__Work order__: Using the data below, print exactly the line with "Кровать-подиум сочетает в", the line with "Cassettiera vintage anni", and every line between them, but none of the pictures.

__Recorded data__:
------------------------------------------------------------------------

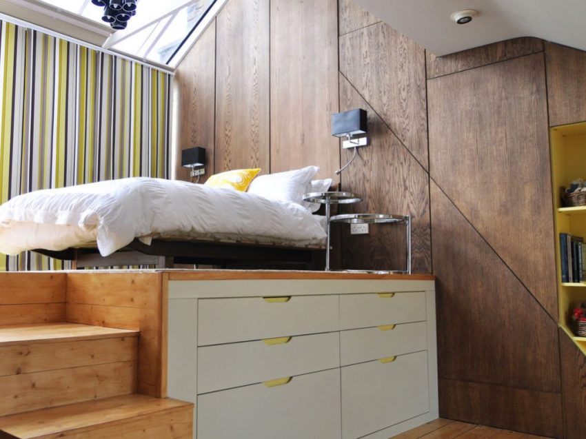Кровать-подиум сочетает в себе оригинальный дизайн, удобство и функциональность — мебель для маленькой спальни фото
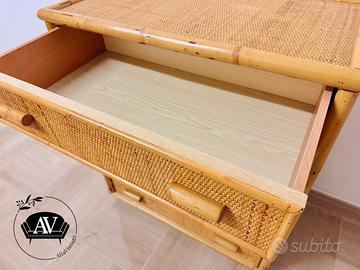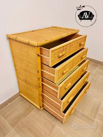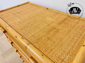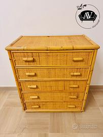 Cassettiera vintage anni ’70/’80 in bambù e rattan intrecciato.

------------------------------------------------------------------------

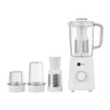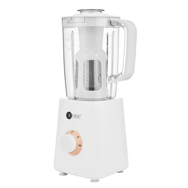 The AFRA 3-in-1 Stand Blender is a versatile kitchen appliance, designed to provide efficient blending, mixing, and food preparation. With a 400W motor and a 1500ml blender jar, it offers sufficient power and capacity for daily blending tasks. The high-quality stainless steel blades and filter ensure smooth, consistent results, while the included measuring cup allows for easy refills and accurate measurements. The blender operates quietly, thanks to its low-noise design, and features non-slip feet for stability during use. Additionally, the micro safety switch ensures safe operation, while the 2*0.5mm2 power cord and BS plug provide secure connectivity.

------------------------------------------------------------------------

__Result of this task__:
Кровать-подиум сочетает в себе оригинальный дизайн, удобство и функциональность — мебель для маленькой спальни фото
 Cassettiera vintage anni ’70/’80 in bambù e rattan intrecciato.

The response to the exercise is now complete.